Our arrogance as post-empire toffs is backfiring - there is a chance that within the next 10 years we could be a lesser developed nation in comparisson to the majority - countries like China far outstripping us as the global powerhouses, politically and economically. Fact is we are already becoming something of a colony for a number of countries like Poland, Pakistan and Somalia who have such numbers gathered in the UK that their culture has influenced and integrated with ours to the point we know see our British identity not as a clear, distinct culture but we can only understand it in terms of being multi-cultural, inclusive and post-modern. Don't get me wrong, I also am embracing this new British identity. There once was a time when the UK had that strong singular culture - but those days are gone, we must now look at what we have as not worse, just different - and good.
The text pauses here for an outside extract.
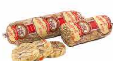
ХОЛОДЕЦ ФЛЯЧКИ В ЖЕЛЕ

I would like to have a strong singular culture (like many Eastern cutures still do) but I can't - so I won't cry over it. So in that sense, who cares about my country? Let the world become one country full of a thousand different cultures intermixing and standing side by side... At least that would be a more honest situation than our current suspicion and intimidation. Does it not (with slight despair) remind you of the situation in Genesis 11(?) when 'Man' became so advanced they started building a tower right up into the heavens? The Tower of Babel was a warning sign to God - Man had realised it could achieve whatever it set about doing so God confused Man's language and scattered them cross the earth. This is God saying "I made you an intuitive, creative, inventive race - I gave you the intelligence to achieve, but achieving and discovering and innovating is not the aim of life. Yes, I want you to enjoy it as a byproduct of life, but if you are living for progression and advance you are missing the point." Is that good or bad news for us now, 4000 odd years on; as we invent cures for diseases, fly to space and look out to beyond... as we digitise the world, clone living beings, reclaim seas and build huge cities and... construct massive towers...

The only thing we can depend on is the only thing that will remain after the credit crunch or whatever happens after the credit crunch has destroyed everything - after we have destroyed ourselves there will still be God. ...Love - living in the community of his self. Her self. It's self.

What a bleak picture. Apocalyptic you could say. Perhaps it will happen that way, or perhaps it will be won over slightly more gently; but one thing is for sure, it is down to the Christians to wake up, shake off the religion and the politics and influence the world with generous love, caring people away from depression, investing in leaders with integrity, leading with purity and justice; serving the unlovely; praying with passion and humility; giving financially; working hard at pointing to Jesus as the only institution that cannot be touched by economic meltdown. What I would love to see more than the credit crunch reversed is a u-turn in the church's own recession - will the real slim christians please stand up? Because if the meltdown happens - we will need Christians to bring us food and Jesus while the £200,000 cars rust in the empty factories.